Não consegui encontrar um emprego adequado.
Tentei abrir uma loja, mas falhou.
Não consegui pagar o empréstimo, então preciso encontrar uma maneira de ganhar dinheiro.
Eu sei que isso [é ilegal], mas não tenho outra opção.
Eu devo [o equivalente vietnamita de] 50.000.
Eu vendi minha casa, mas não foi o suficiente para pagar a dívida”, disse Tu, 26, atingindo um gatinho que passeava.
Duas galinhas saíram de trás de outra tenda.
Um espelho pendurado em uma árvore próxima.
Tomadas de plugue estavam disponíveis sob um toldo separado para carregar telefones.
O segundo migrante, de 27 anos, descreveu como chegou à Europa via China, às vezes a pé ou em caminhões.
“Eu ouvi de meus amigos no Reino Unido que a vida é muito melhor lá, e eu posso encontrar uma maneira de ganhar algum dinheiro”, disse o homem, que não quis dar seu nome.
Essas pessoas são vítimas do tráfico de pessoas?
Não está claro.
Todos os imigrantes vietnamitas com quem falamos disseram que estavam endividados.
Se eles acabassem trabalhando para as gangues de contrabando no Reino Unido para pagar sua jornada e pagar suas dívidas, eles teriam, de fato, sido traficados.
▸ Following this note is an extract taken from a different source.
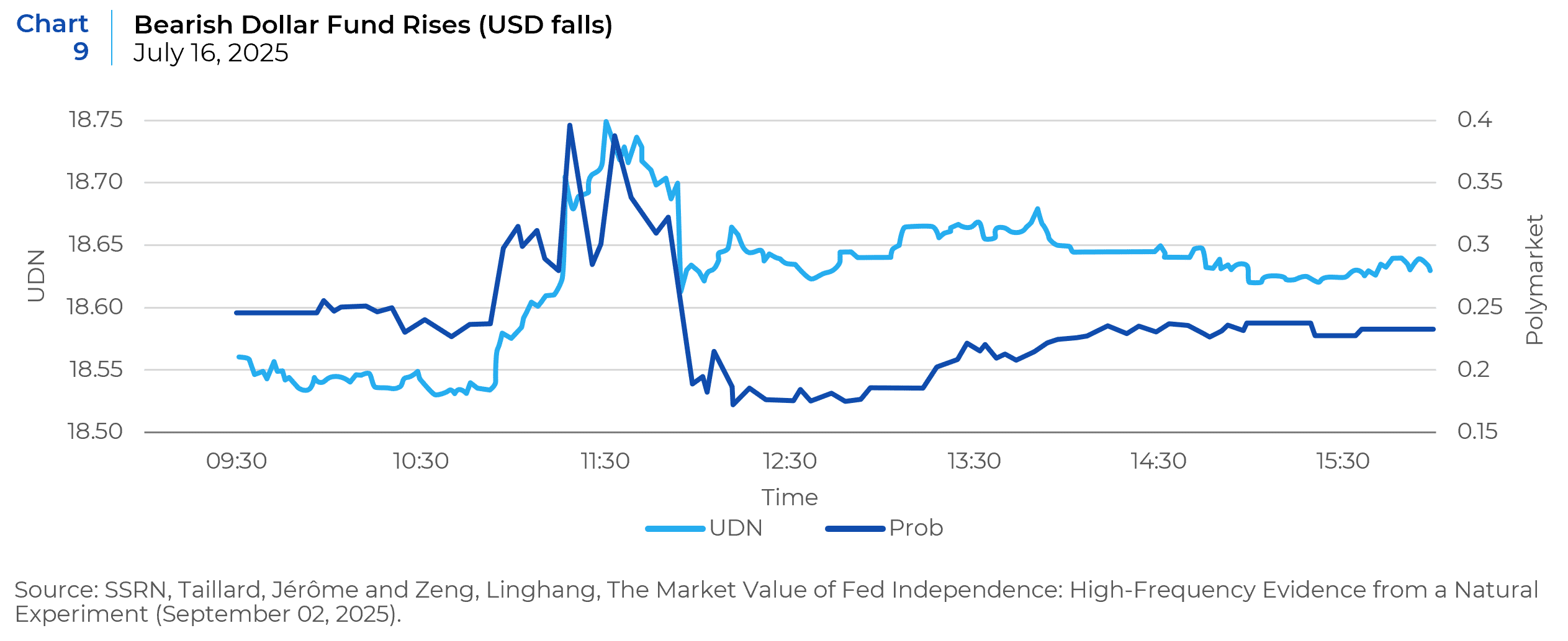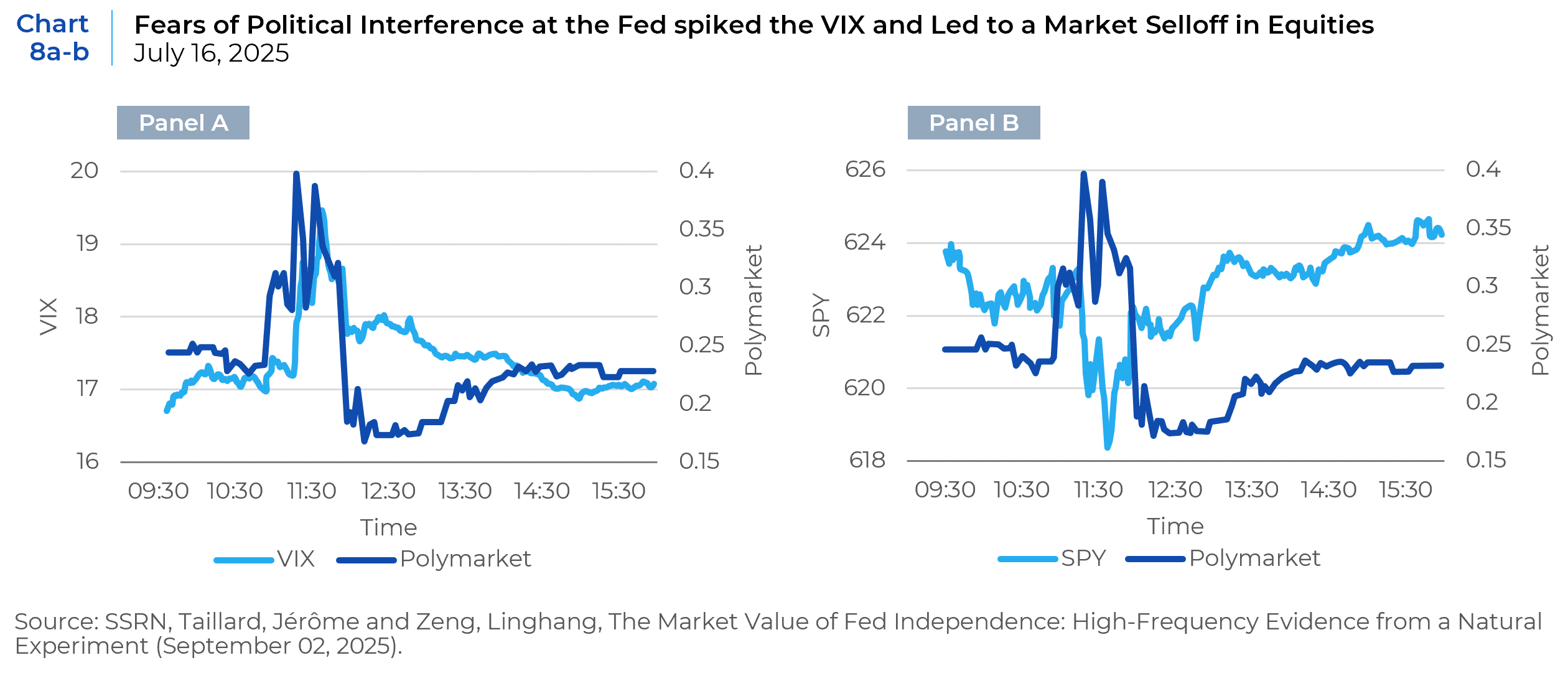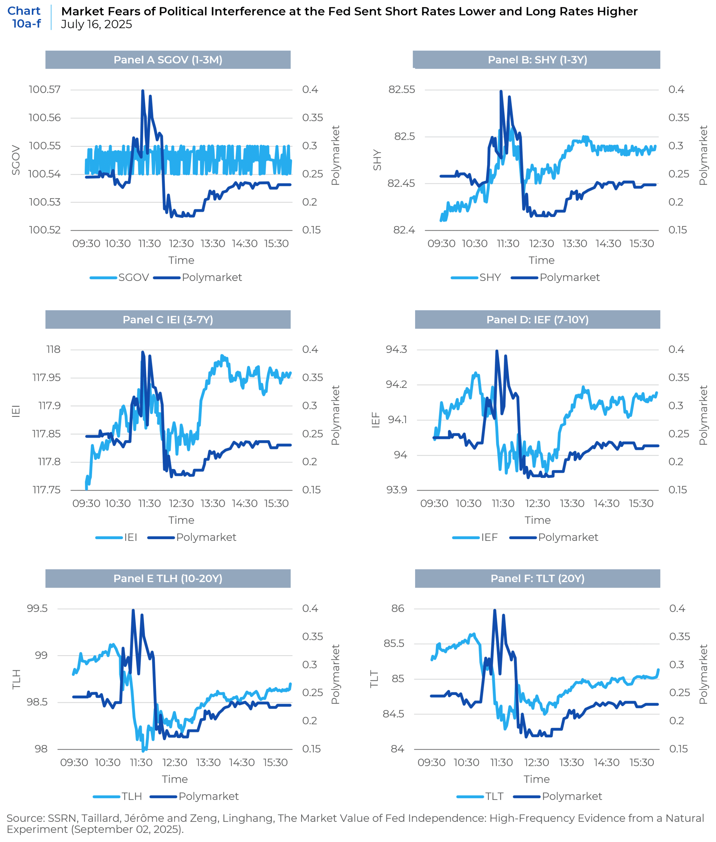 In case the previous empirical analyses remain unpersuasive, we offer even more timely research from the summer of 2025. Making use of the advent of liquid prediction markets on the platforms Polymarket and Kalshi, as well as the abundance of intra-day traded ETFs across various asset classes and maturities, economists were able to look at tick-by-tick market-created probabilities of Jerome Powell being fired by President Trump on July 16, 2025, and their impact on real-time asset price dislocations. The following charts show minute-by-minute changes in market estimated probabilities of whether Federal Reserve Chair Jerome Powell will leave office before the end of 2025 as measured by observable Polymarket contracts1 (“Polymarket” right axis) with the VIX, SPY, USD FX, and various maturities of Treasuries (see Charts 8a–8b, Chart 9 and Charts 10a–10f).

Tentamos atrair o contrabandista vietnamita loiro, Tony, de uma floresta próxima e para um território mais neutro, onde sua gangue - possivelmente armada, como outras gangues certamente são - pode representar menos uma ameaça para nós.
Pretendíamos confrontá-lo sobre seu envolvimento em uma lucrativa e muitas vezes mortal indústria criminosa.
Mas Tony ficou cauteloso em deixar seu próprio “turf” e ficou impaciente e irritado quando nosso colega, ainda posando como um potencial migrante, se recusou a segui-lo para a floresta.
“Por que você está ficando lá?
Siga esse caminho.
Mexam-se depressa!
Agora,” Tony ordenou.
Houve uma breve pausa.
O som do canto dos pássaros atravessou a clareira.
“Que idiota... Você só quer ficar lá e ser pego pela polícia?”, perguntou o contrabandista, com crescente exasperação.
Então ele se afastou e se retirou para a floresta.
Se o nosso colega fosse um migrante genuíno, ela provavelmente teria seguido Tony.
Foi-nos dito por outras fontes que uma vez nos campos, os migrantes não foram autorizados a sair a menos que pagassem centenas de dólares aos contrabandistas.
As gangues vietnamitas podem estar prometendo uma rota rápida, segura e “elite” para o Reino Unido, mas a realidade é muito mais sombria – uma indústria criminosa, apoiada por ameaças, envolvendo riscos mortais e nenhuma garantia de sucesso.